* _Problem_: Print each entry as it appears. Images stay out of the copy.

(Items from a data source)
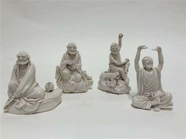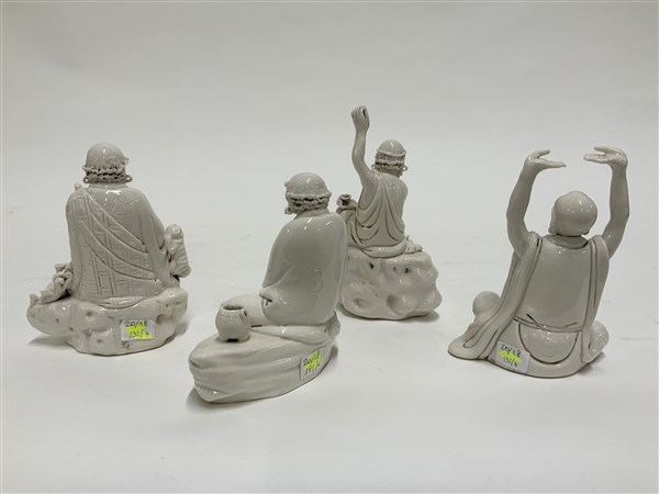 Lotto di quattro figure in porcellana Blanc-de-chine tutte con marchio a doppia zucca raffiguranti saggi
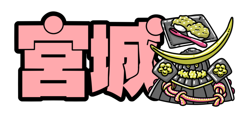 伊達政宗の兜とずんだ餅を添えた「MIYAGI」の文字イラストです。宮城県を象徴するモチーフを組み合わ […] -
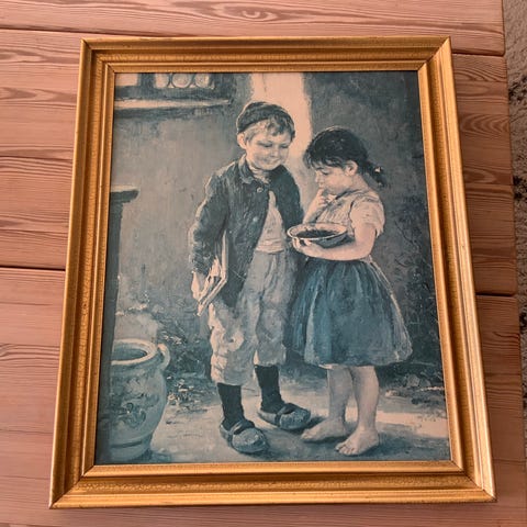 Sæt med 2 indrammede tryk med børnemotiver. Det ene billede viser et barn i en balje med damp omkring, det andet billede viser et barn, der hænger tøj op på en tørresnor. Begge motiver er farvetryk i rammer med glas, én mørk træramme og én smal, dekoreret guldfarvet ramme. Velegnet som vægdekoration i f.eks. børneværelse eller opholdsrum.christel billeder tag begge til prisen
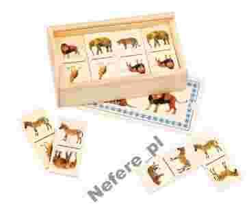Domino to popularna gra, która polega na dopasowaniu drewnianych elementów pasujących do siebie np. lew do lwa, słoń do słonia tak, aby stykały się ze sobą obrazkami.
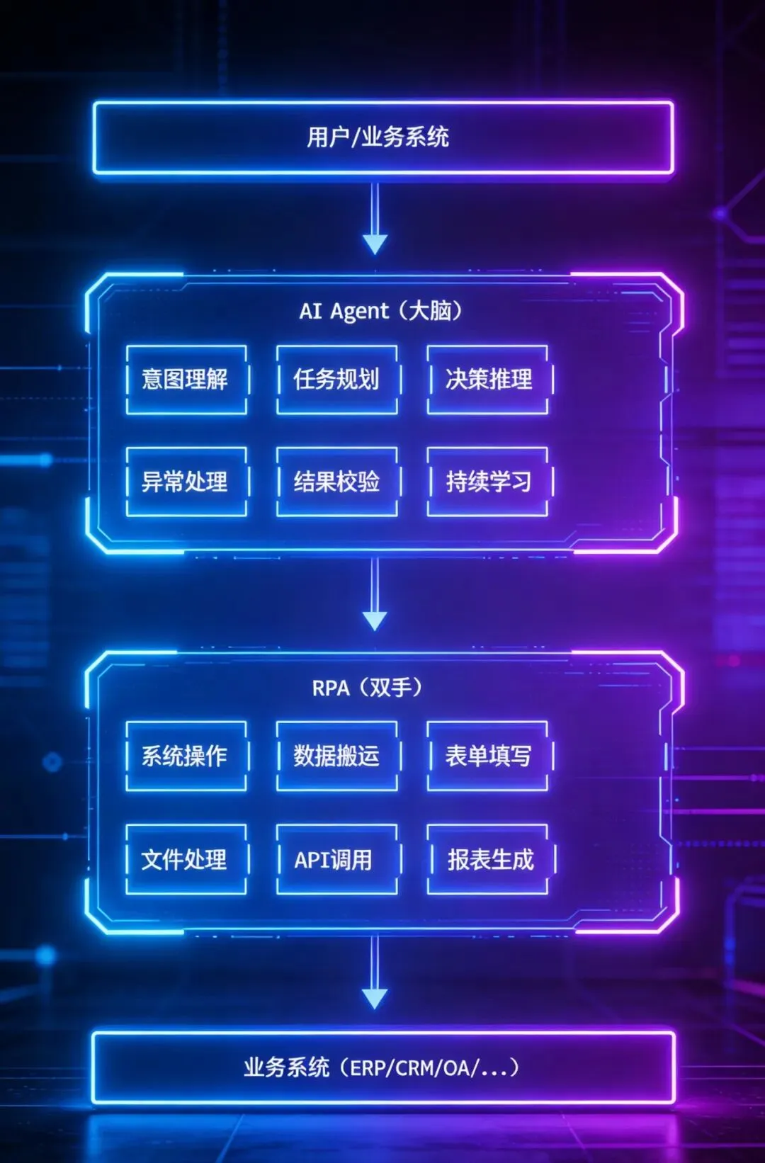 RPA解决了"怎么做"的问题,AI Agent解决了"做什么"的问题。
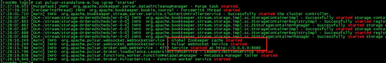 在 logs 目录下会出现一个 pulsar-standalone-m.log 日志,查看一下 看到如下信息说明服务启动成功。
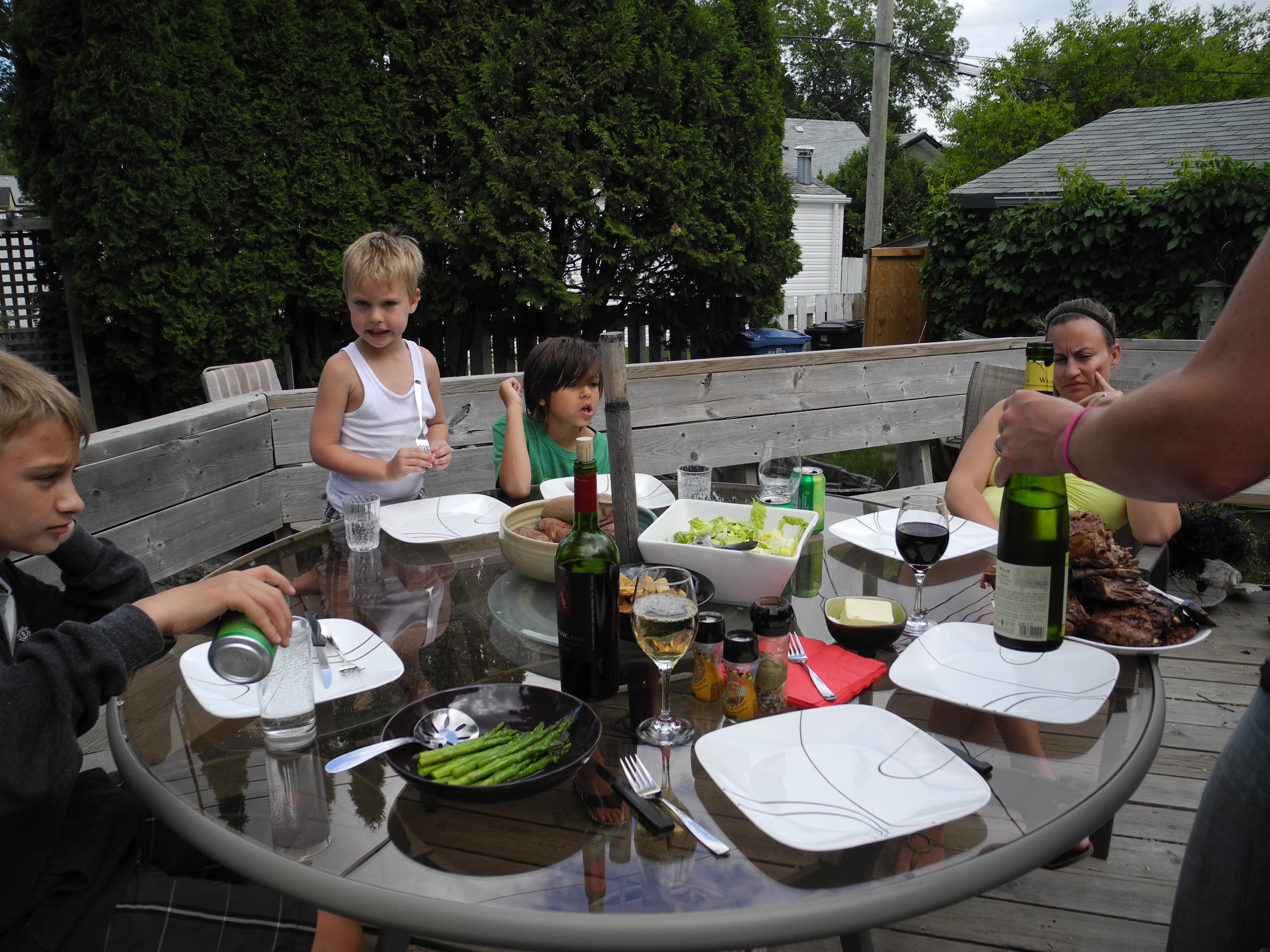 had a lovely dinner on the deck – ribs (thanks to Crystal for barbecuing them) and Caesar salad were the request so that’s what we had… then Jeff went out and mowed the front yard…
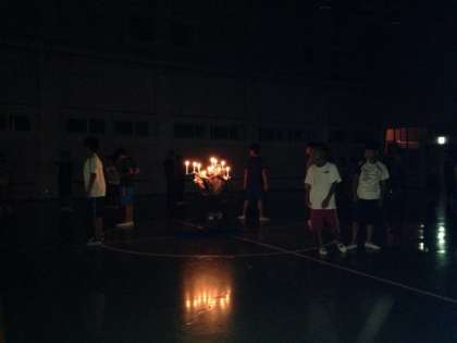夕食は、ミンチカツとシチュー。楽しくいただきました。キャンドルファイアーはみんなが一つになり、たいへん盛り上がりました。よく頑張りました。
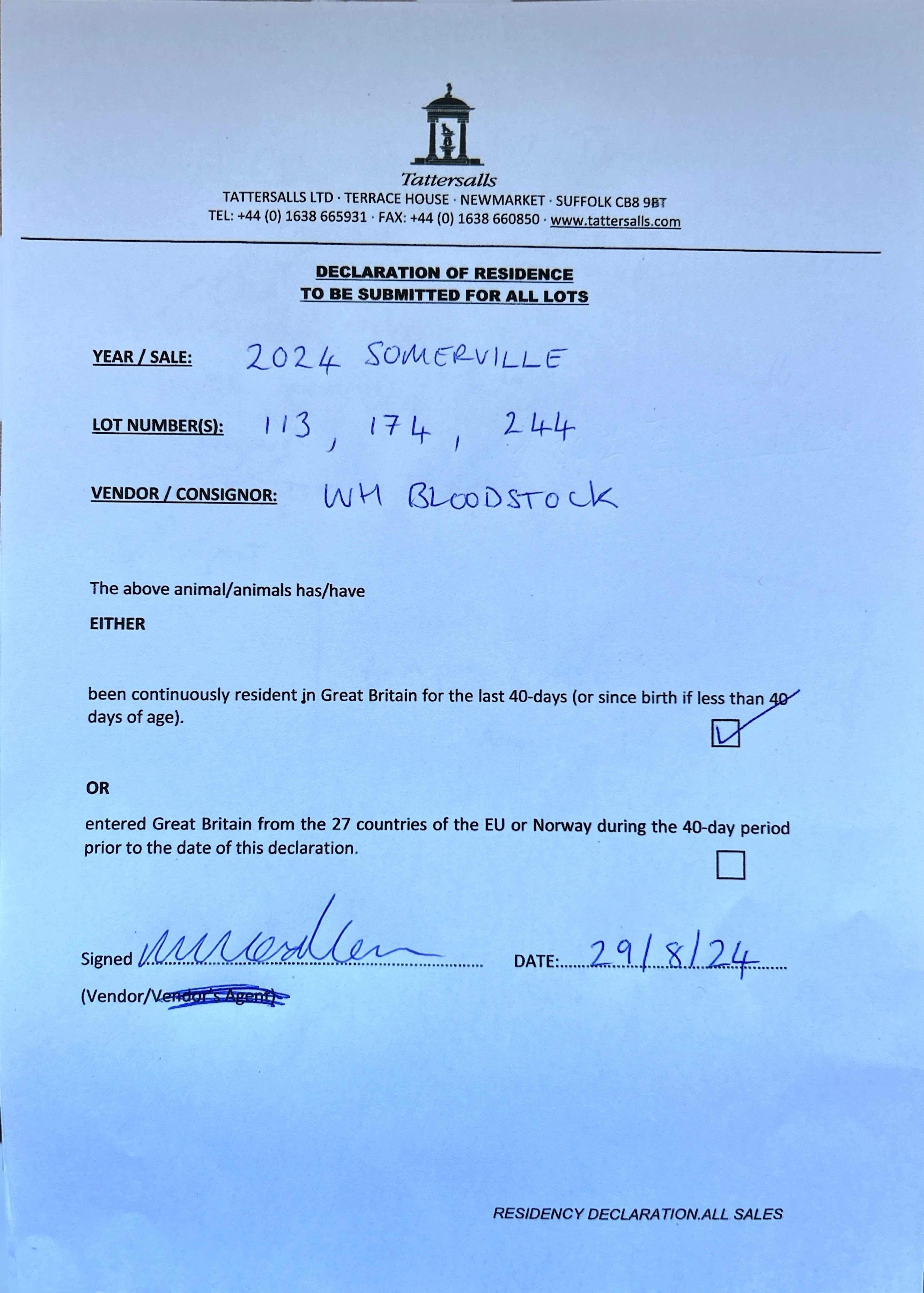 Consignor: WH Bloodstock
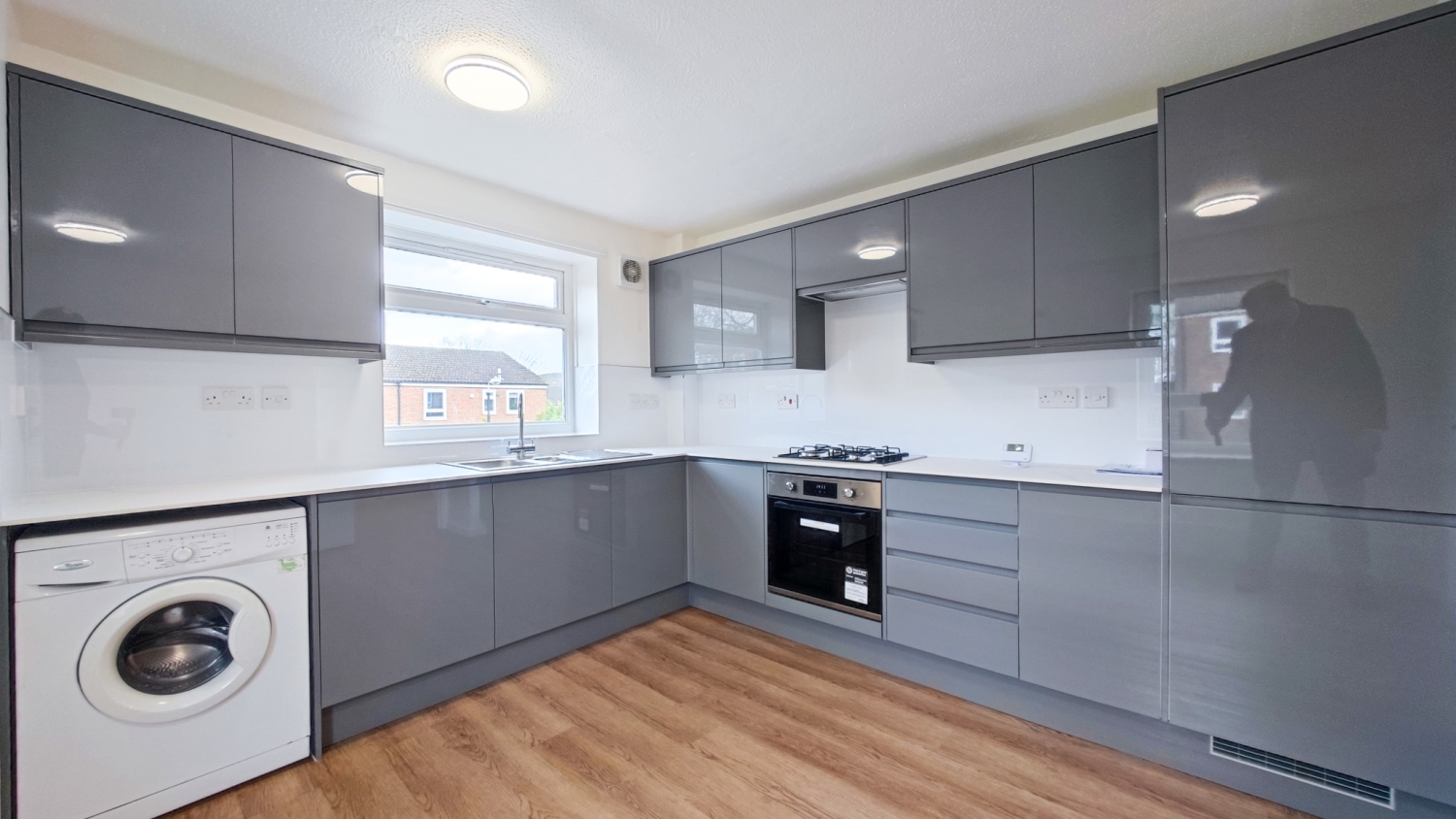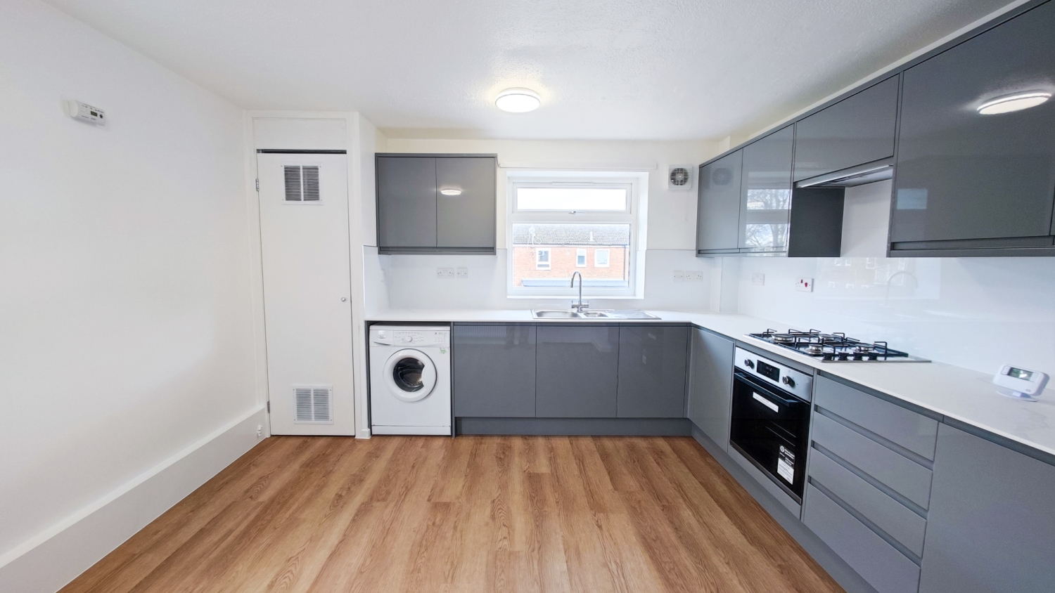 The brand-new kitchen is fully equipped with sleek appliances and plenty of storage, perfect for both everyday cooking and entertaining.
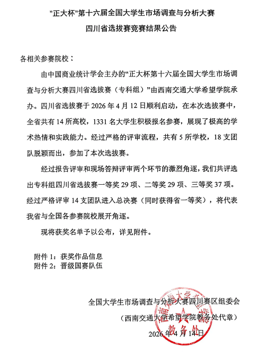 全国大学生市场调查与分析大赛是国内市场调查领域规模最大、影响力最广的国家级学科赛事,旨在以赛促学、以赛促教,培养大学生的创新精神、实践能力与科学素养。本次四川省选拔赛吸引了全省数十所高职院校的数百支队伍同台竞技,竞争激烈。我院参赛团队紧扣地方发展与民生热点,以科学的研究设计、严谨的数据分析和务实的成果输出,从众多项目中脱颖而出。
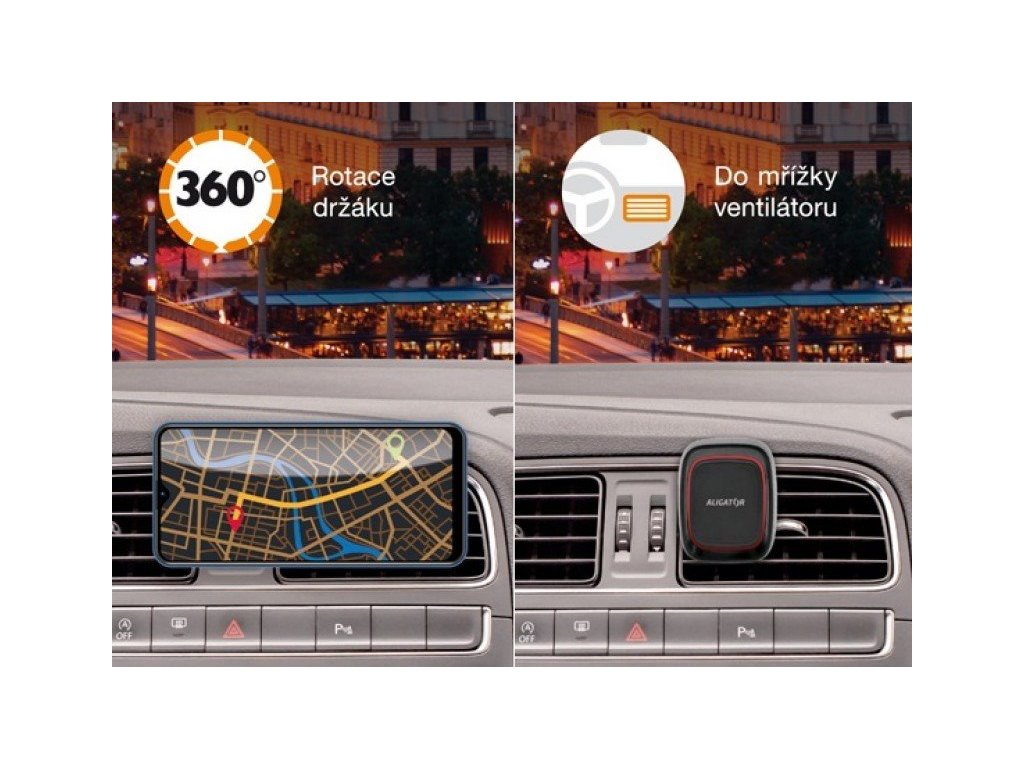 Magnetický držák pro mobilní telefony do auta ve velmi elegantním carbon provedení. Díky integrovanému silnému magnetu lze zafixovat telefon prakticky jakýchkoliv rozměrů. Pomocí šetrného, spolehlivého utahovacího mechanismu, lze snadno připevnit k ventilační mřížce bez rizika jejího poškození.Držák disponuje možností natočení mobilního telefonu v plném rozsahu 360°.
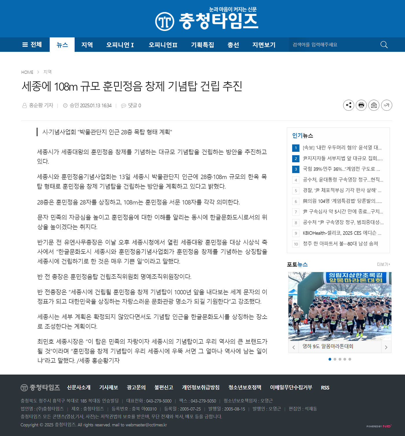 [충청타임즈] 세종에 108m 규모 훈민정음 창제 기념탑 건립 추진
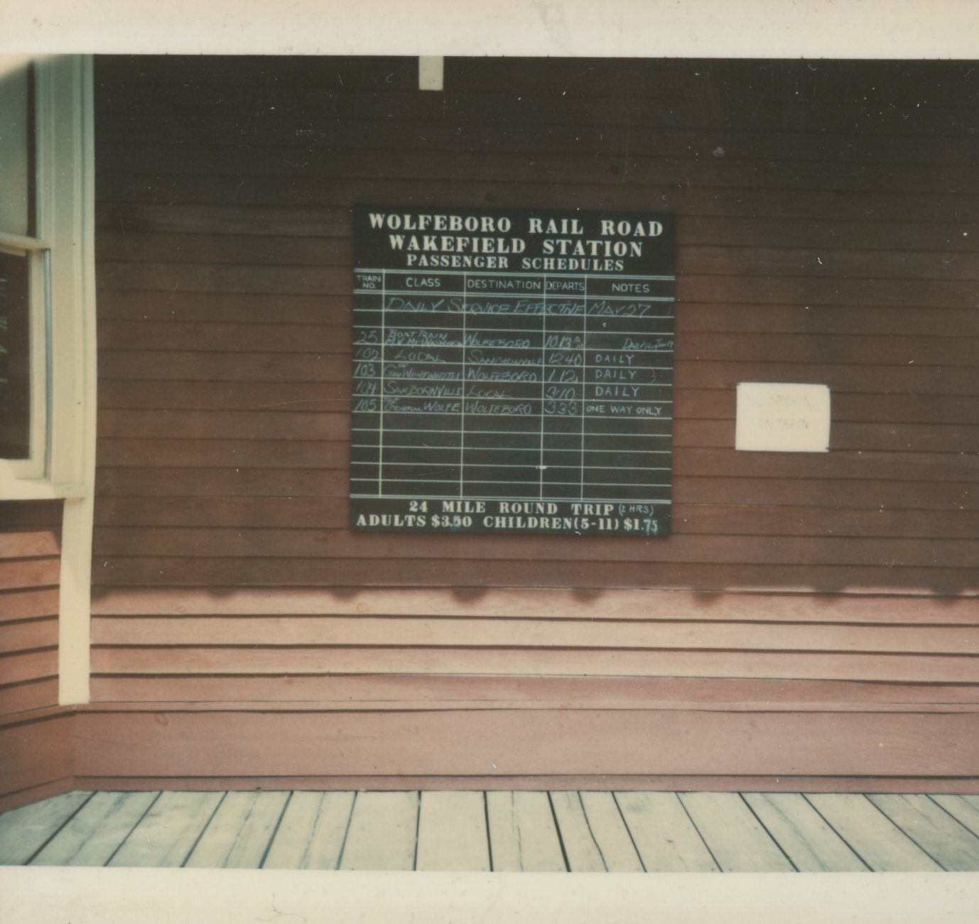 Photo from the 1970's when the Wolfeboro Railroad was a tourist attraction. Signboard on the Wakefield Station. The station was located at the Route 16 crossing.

* _Solution for this exercise_:
 Lotto di quattro figure in porcellana Blanc-de-chine tutte con marchio a doppia zucca raffiguranti saggi
 伊達政宗の兜とずんだ餅を添えた「MIYAGI」の文字イラストです。宮城県を象徴するモチーフを組み合わ […] -
 Sæt med 2 indrammede tryk med børnemotiver. Det ene billede viser et barn i en balje med damp omkring, det andet billede viser et barn, der hænger tøj op på en tørresnor. Begge motiver er farvetryk i rammer med glas, én mørk træramme og én smal, dekoreret guldfarvet ramme. Velegnet som vægdekoration i f.eks. børneværelse eller opholdsrum.christel billeder tag begge til prisen
Domino to popularna gra, która polega na dopasowaniu drewnianych elementów pasujących do siebie np. lew do lwa, słoń do słonia tak, aby stykały się ze sobą obrazkami.
 RPA解决了"怎么做"的问题,AI Agent解决了"做什么"的问题。
 在 logs 目录下会出现一个 pulsar-standalone-m.log 日志,查看一下 看到如下信息说明服务启动成功。
 had a lovely dinner on the deck – ribs (thanks to Crystal for barbecuing them) and Caesar salad were the request so that’s what we had… then Jeff went out and mowed the front yard…
夕食は、ミンチカツとシチュー。楽しくいただきました。キャンドルファイアーはみんなが一つになり、たいへん盛り上がりました。よく頑張りました。
 Consignor: WH Bloodstock
 The brand-new kitchen is fully equipped with sleek appliances and plenty of storage, perfect for both everyday cooking and entertaining.
 全国大学生市场调查与分析大赛是国内市场调查领域规模最大、影响力最广的国家级学科赛事,旨在以赛促学、以赛促教,培养大学生的创新精神、实践能力与科学素养。本次四川省选拔赛吸引了全省数十所高职院校的数百支队伍同台竞技,竞争激烈。我院参赛团队紧扣地方发展与民生热点,以科学的研究设计、严谨的数据分析和务实的成果输出,从众多项目中脱颖而出。
 Magnetický držák pro mobilní telefony do auta ve velmi elegantním carbon provedení. Díky integrovanému silnému magnetu lze zafixovat telefon prakticky jakýchkoliv rozměrů. Pomocí šetrného, spolehlivého utahovacího mechanismu, lze snadno připevnit k ventilační mřížce bez rizika jejího poškození.Držák disponuje možností natočení mobilního telefonu v plném rozsahu 360°.
 [충청타임즈] 세종에 108m 규모 훈민정음 창제 기념탑 건립 추진
 Photo from the 1970's when the Wolfeboro Railroad was a tourist attraction. Signboard on the Wakefield Station. The station was located at the Route 16 crossing.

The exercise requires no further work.